*Extracted material*
::::::::::

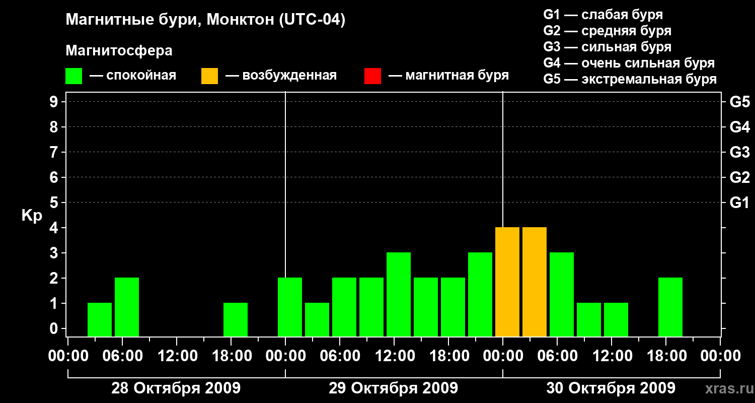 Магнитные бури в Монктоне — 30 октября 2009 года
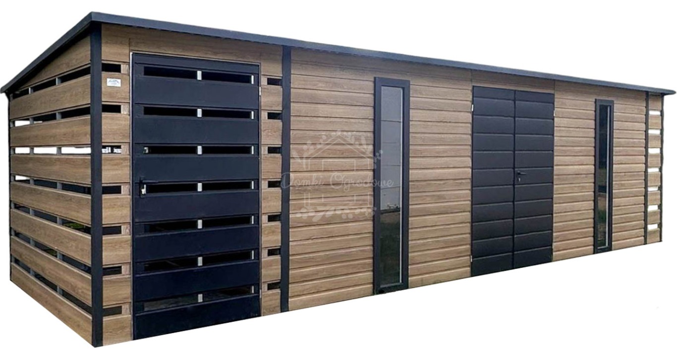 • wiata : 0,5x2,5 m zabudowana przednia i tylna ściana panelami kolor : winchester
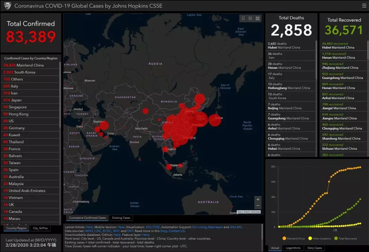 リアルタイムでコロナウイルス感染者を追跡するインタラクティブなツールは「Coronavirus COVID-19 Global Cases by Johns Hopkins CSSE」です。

::::::::::

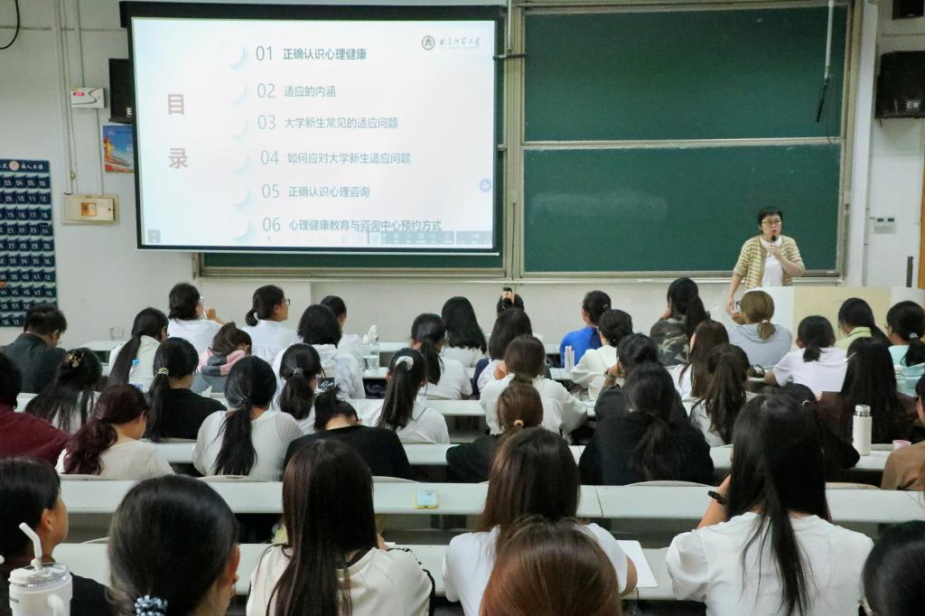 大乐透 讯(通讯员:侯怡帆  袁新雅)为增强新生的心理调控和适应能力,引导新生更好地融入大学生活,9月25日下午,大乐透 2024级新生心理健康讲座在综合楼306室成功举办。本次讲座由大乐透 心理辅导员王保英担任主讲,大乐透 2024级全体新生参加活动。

::::::::::

*What you have to do*
The stretch to restate runs from the line above containing "Магнитные бури в" through the line containing "リアルタイムでコロナウイルス感染者を追跡するインタラクティブなツールは「Coronavirus COVID-19 Global". Copy it word for word, ends included, without pictures.

*Written reply*
 Магнитные бури в Монктоне — 30 октября 2009 года
 • wiata : 0,5x2,5 m zabudowana przednia i tylna ściana panelami kolor : winchester
 リアルタイムでコロナウイルス感染者を追跡するインタラクティブなツールは「Coronavirus COVID-19 Global Cases by Johns Hopkins CSSE」です。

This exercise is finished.